Generally the notices were run as public services or amusements, though sometimes the paper running the notice explicitly disapproved. The most dramatic (jaw-dropping, really) example I have found is the following from the New Hampshire Sentinel on December 1, 1821, commenting on a squirrel hunt in Rutland, Vermont which had destroyed
...4961 of these pretty animals, who asked no higher privilege than wisely to prepare for a cold and merciless winter. For this, their lives are taken with as little ceremony as white animals of a different species would throw overboard a cargo of diseased or disabled black ones.
It is worth remembering there was some overlap between anti-cruelty activists and abolitionists...
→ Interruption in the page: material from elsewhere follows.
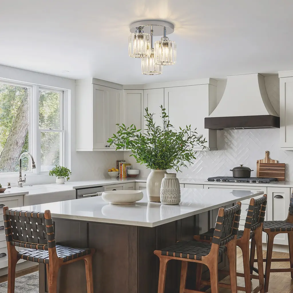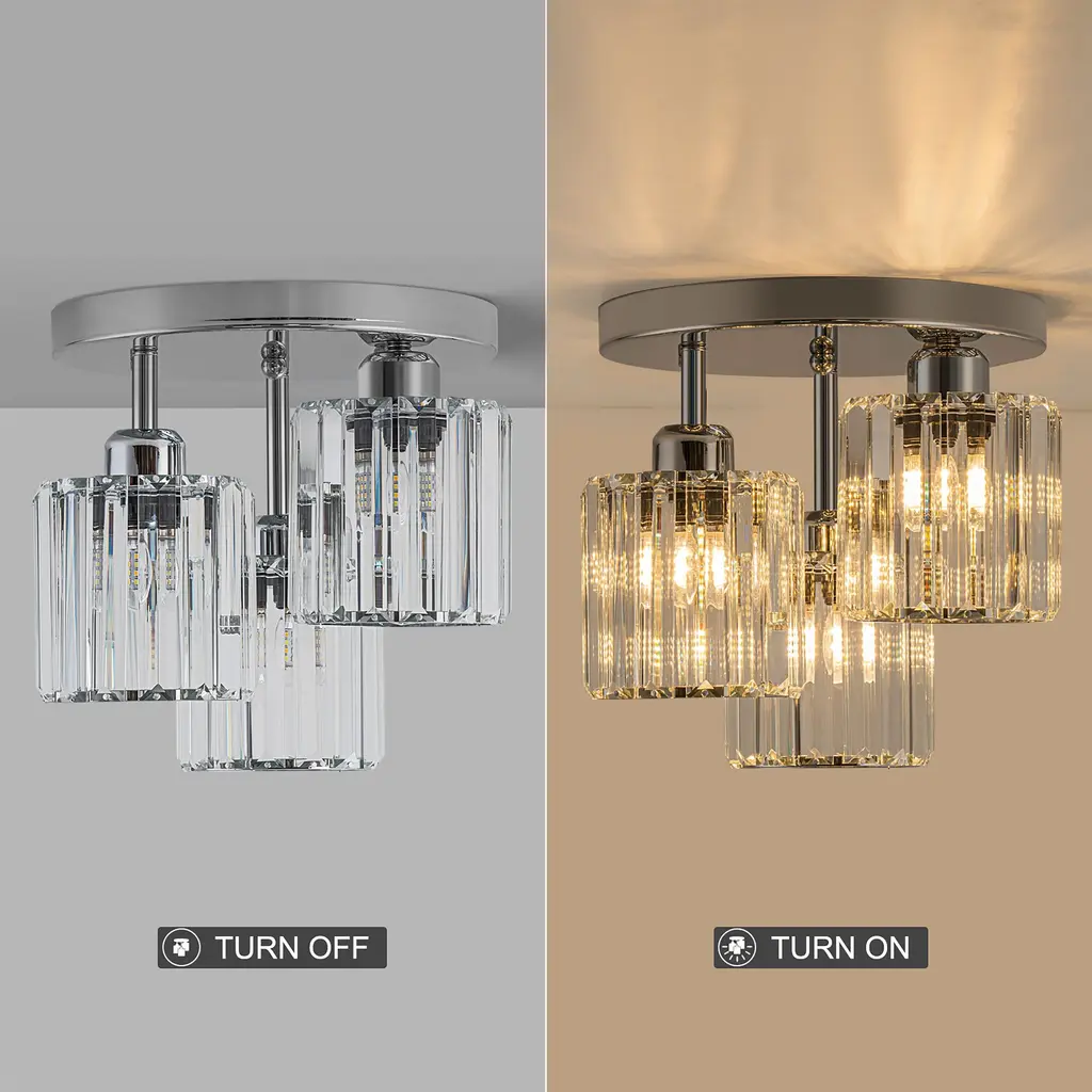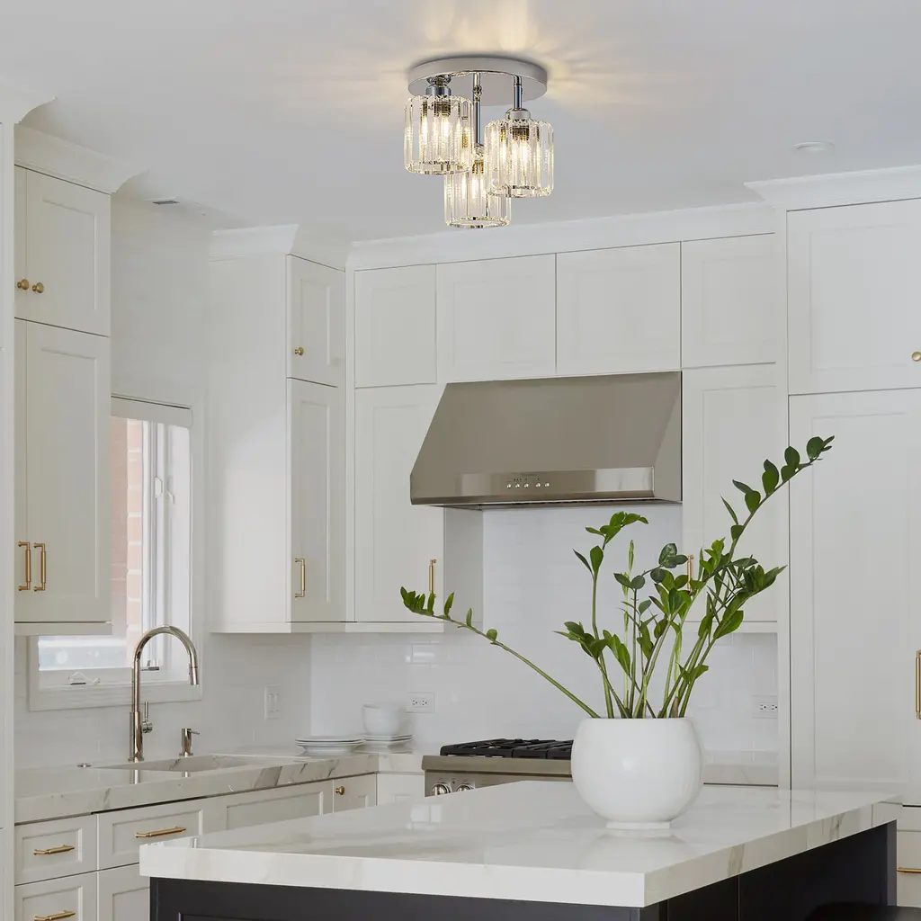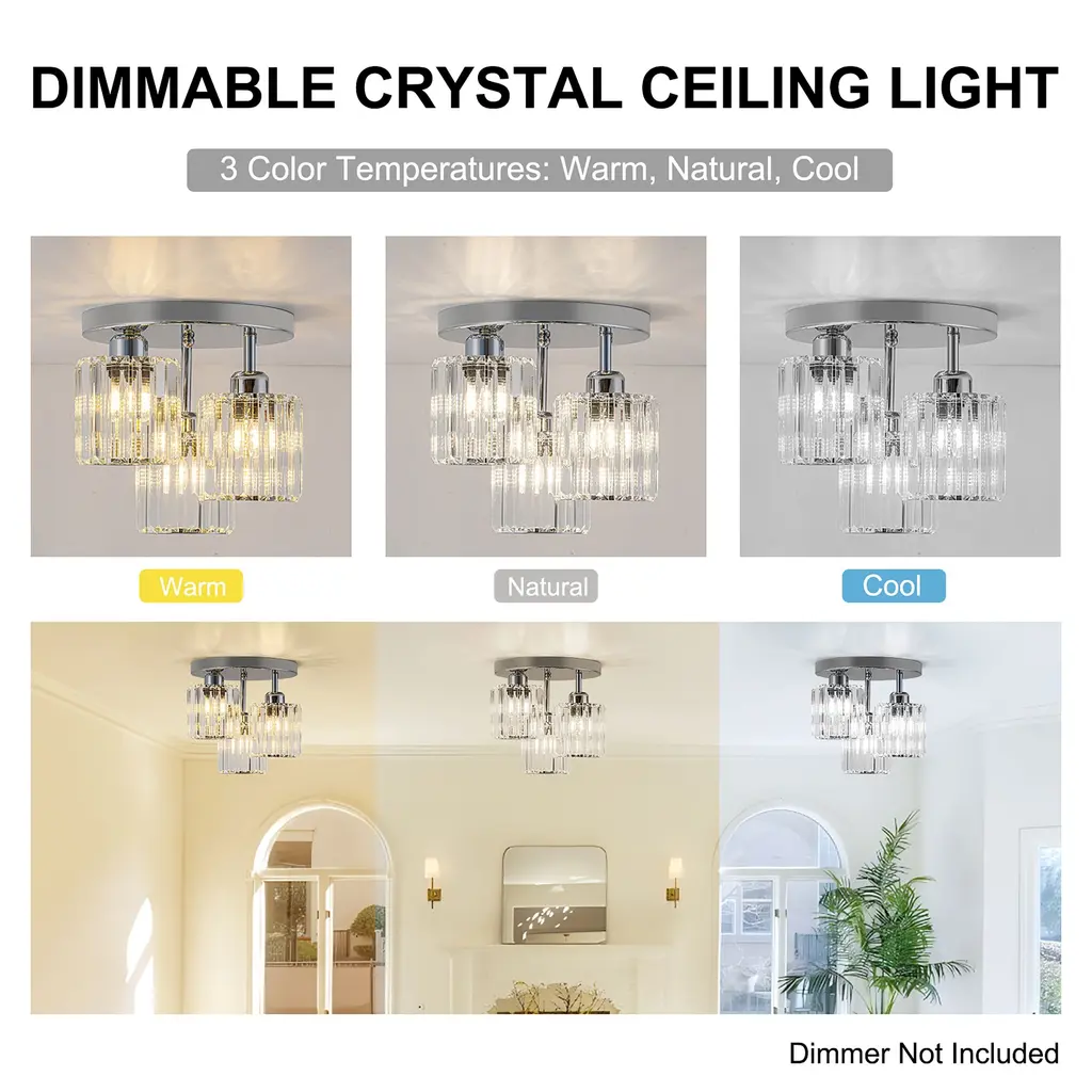 Elevate your space with this stunning modern crystal ceiling light, designed to combine elegance and functionality. Featuring a black and chrome finish, this fixture boasts a unique open design complemented by premium crystal lampshades, ensuring a dazzling light effect. Perfect for various spaces, this ceiling light is compatible with 3*E26 base bulbs (not included), providing versatile lighting options for any room in your home. Make your home shine with this elegant and modern ceiling light, blending crystal brilliance with bold design elements.Key Features:

For our purposes, the significance of the grand squirrel hunt is its overlap with massive bird hunts. Birds perceived as agricultural pests were commonly added to kill totals. Here's another example, from the Providence Patriot (May 19, 1824) reporting on a squirrel hunt around Craftsbury, Vermont:
There were killed, 4370 squirrels, 1135 woodpeckers, 124 bluejays, 99 pigeons, 53 blackbirds, 18 woodchucks, 15 crows, 10 owls, 10 skunks, 2 mink, 1 weazel, and 1 hawk--making a total of 5838.
Due to this kind of hunting pressure (competitive squirrel hunts happen to this day though at a much smaller scale) gray squirrels became somewhat scarce by the turn of the century in many parts of the country. Eventually gray squirrels joined the ranks of "useful" animals when foresters recognized their value as "planters."